:: REQUIRED WORK ::
From the line containing "There are sixteen" to the line containing "Studenti prve godine" in the entries below, reproduce every line exactly, ends included. Nothing else belongs in the copy, and no pictures.

:: DATA FOR PROCESSING ::
──────────────────────────────

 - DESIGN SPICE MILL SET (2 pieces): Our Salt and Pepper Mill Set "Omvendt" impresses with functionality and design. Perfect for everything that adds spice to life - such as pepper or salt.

──────────────────────────────

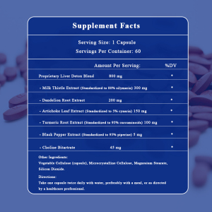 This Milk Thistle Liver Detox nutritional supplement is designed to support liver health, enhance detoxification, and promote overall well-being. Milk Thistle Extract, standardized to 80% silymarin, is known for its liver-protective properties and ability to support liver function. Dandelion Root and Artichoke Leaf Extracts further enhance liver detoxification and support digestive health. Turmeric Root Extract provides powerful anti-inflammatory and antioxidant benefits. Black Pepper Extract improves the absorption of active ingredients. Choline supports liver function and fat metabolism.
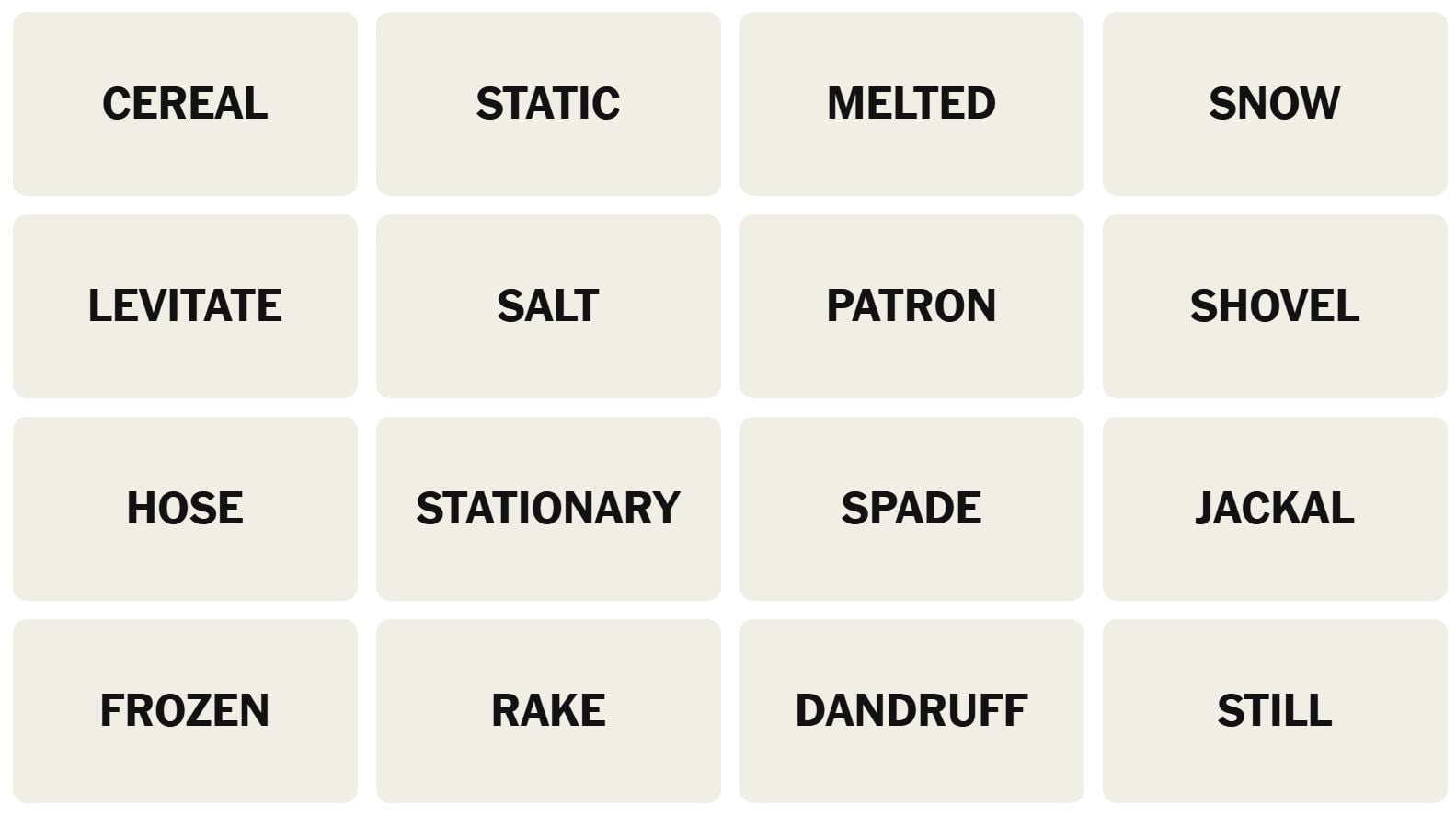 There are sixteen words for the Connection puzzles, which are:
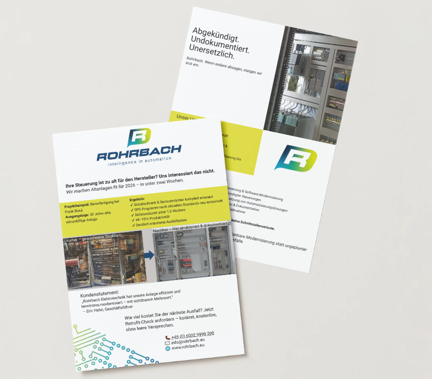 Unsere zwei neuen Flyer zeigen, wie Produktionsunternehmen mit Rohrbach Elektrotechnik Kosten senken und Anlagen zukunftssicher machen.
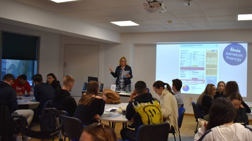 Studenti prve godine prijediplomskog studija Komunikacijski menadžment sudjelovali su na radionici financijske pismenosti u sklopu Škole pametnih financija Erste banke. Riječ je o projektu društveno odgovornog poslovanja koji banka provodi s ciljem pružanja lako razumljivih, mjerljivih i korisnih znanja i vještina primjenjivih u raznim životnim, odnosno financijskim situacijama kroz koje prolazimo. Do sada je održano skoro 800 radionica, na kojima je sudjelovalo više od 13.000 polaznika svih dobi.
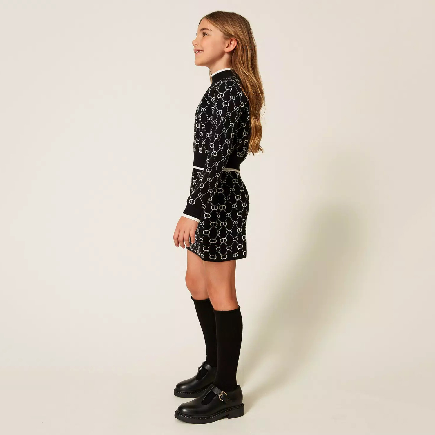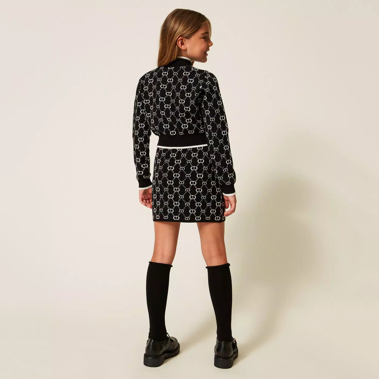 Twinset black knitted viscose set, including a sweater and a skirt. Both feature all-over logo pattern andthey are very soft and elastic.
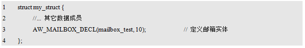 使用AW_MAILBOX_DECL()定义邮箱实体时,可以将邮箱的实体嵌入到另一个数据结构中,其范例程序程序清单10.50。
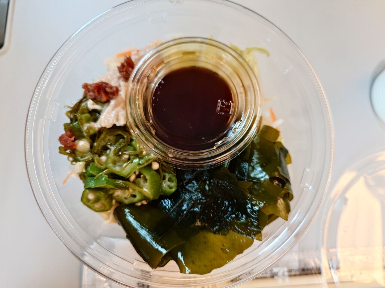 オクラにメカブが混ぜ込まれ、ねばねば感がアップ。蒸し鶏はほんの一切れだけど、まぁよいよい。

──────────────────────────────

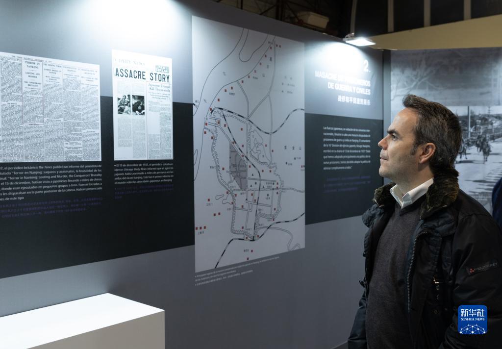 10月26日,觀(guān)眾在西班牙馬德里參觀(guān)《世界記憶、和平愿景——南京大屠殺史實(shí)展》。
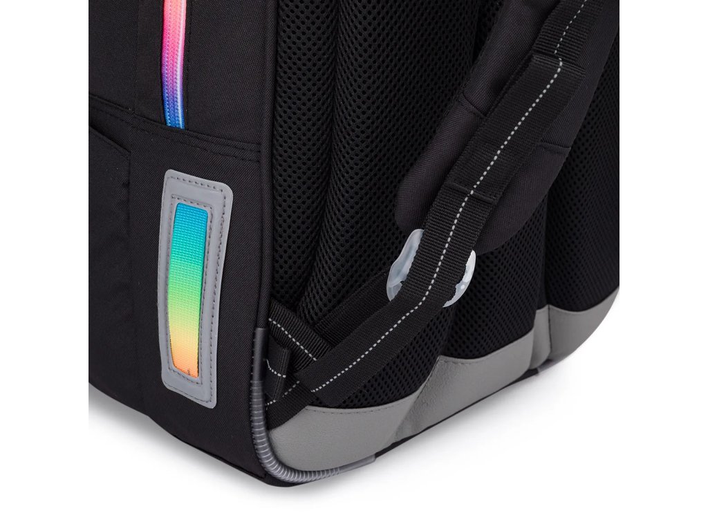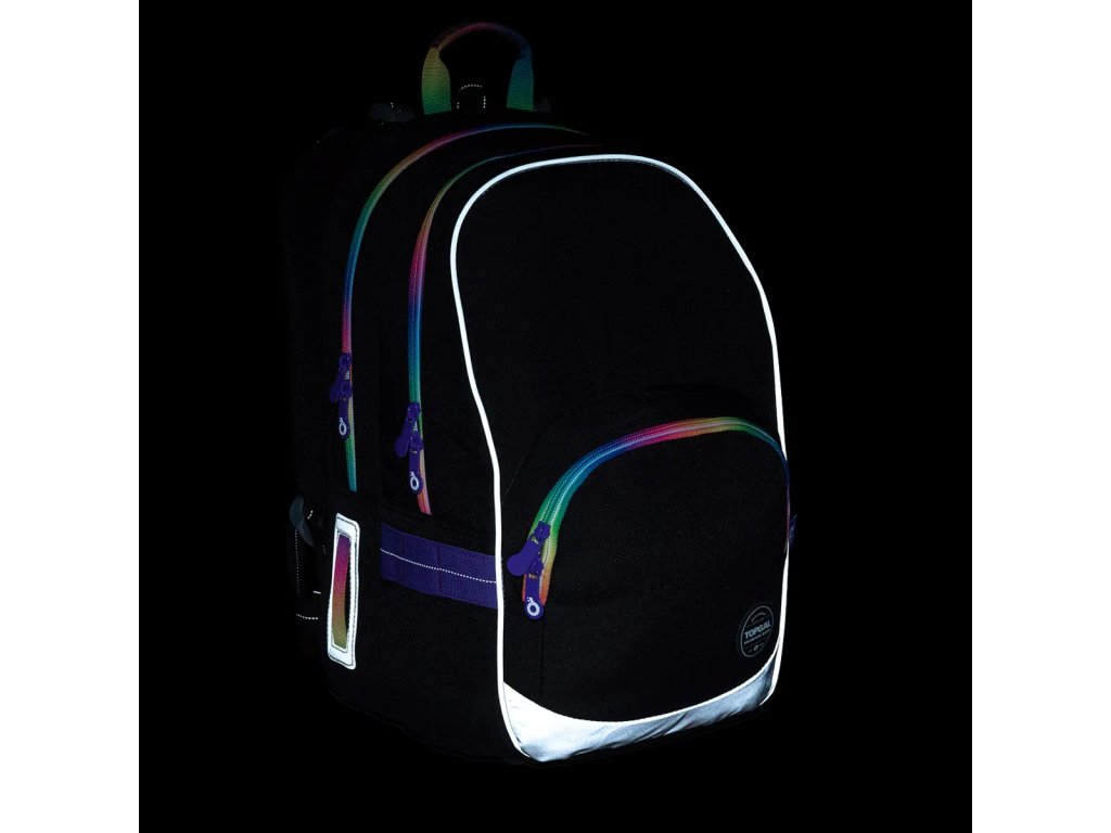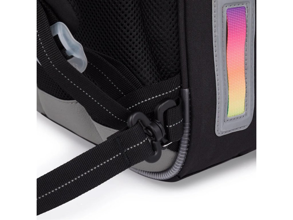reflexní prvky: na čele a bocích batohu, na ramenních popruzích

──────────────────────────────

:: RESULT OF THIS EXERCISE ::
 There are sixteen words for the Connection puzzles, which are:
 Unsere zwei neuen Flyer zeigen, wie Produktionsunternehmen mit Rohrbach Elektrotechnik Kosten senken und Anlagen zukunftssicher machen.
 Studenti prve godine prijediplomskog studija Komunikacijski menadžment sudjelovali su na radionici financijske pismenosti u sklopu Škole pametnih financija Erste banke. Riječ je o projektu društveno odgovornog poslovanja koji banka provodi s ciljem pružanja lako razumljivih, mjerljivih i korisnih znanja i vještina primjenjivih u raznim životnim, odnosno financijskim situacijama kroz koje prolazimo. Do sada je održano skoro 800 radionica, na kojima je sudjelovalo više od 13.000 polaznika svih dobi.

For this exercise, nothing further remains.